By analyzing existing cross correlation between Orient Telecoms and Canadian General Investments, you can compare the effects of market volatilities on Orient Telecoms and Canadian General and check how they will diversify away market risk if combined in the same portfolio for a given time horizon. You can also utilize pair trading strategies of matching a long position in Orient Telecoms with a short position of Canadian General. Check out your portfolio center.

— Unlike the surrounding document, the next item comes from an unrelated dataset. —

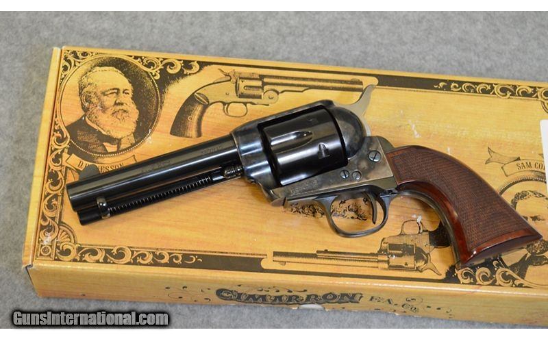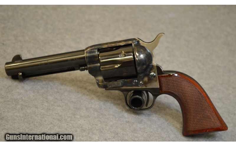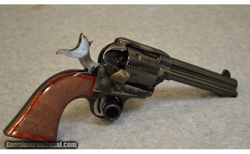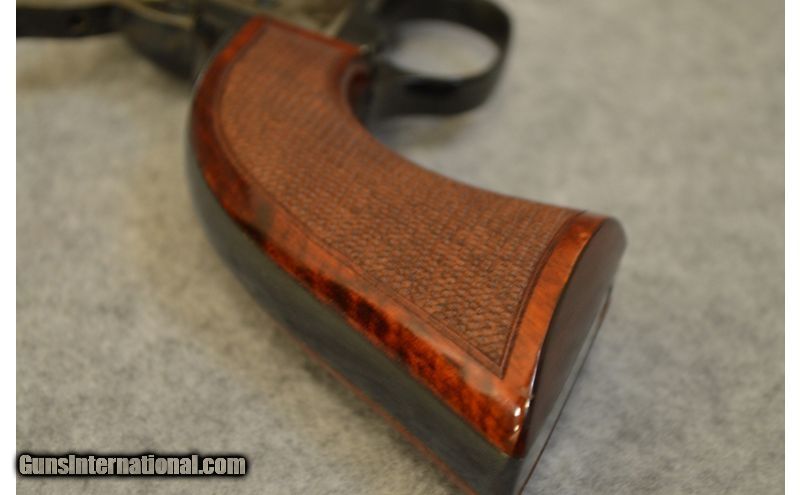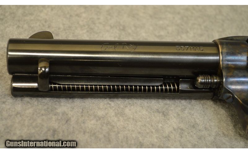 Description: This "Evil Roy" single action revolver is an exact replica of an Old West single action revolver. This revolver was known in the Old West as a "six-shooter". It has a case-hardened/blue finish and has a 1 piece Walnut Hand Checkered grip and has a 6 round capacity. It has a wide square notch rear and wide constant width front sight. This "Evil Roy" six-shooter wears the signature, roll engraved on the barrel of SASS National Champion shooter Gene "Evil Roy" Pearcey. .357 Magnum SOLD Metal Condition: Good condition Wood Condition: Good condition Bore Condition: Good condition Barrels: 4 3/4 Weight: 2 Lbs. 9 Oz. Item Location: Huntsville, AL |

Please also check ongoing floating volatility patterns of Orient Telecoms and Canadian General.
Diversification Opportunities for Orient Telecoms and Canadian General
-0.07 | Correlation Coefficient |
Good diversification
The 3 months correlation between Orient and Canadian is -0.07. Overlapping area represents the amount of risk that can be diversified away by holding Orient Telecoms and Canadian General Investments in the same portfolio, assuming nothing else is changed. The correlation between historical prices or returns on Canadian General Inv and Orient Telecoms is a relative statistical measure of the degree to which these equity instruments tend to move together. The correlation coefficient measures the extent to which returns on Orient Telecoms are associated (or correlated) with Canadian General. Values of the correlation coefficient range from -1 to +1, where. The correlation of zero (0) is possible when the price movement of Canadian General Inv has no effect on the direction of Orient Telecoms i.e., Orient Telecoms and Canadian General go up and down completely randomly.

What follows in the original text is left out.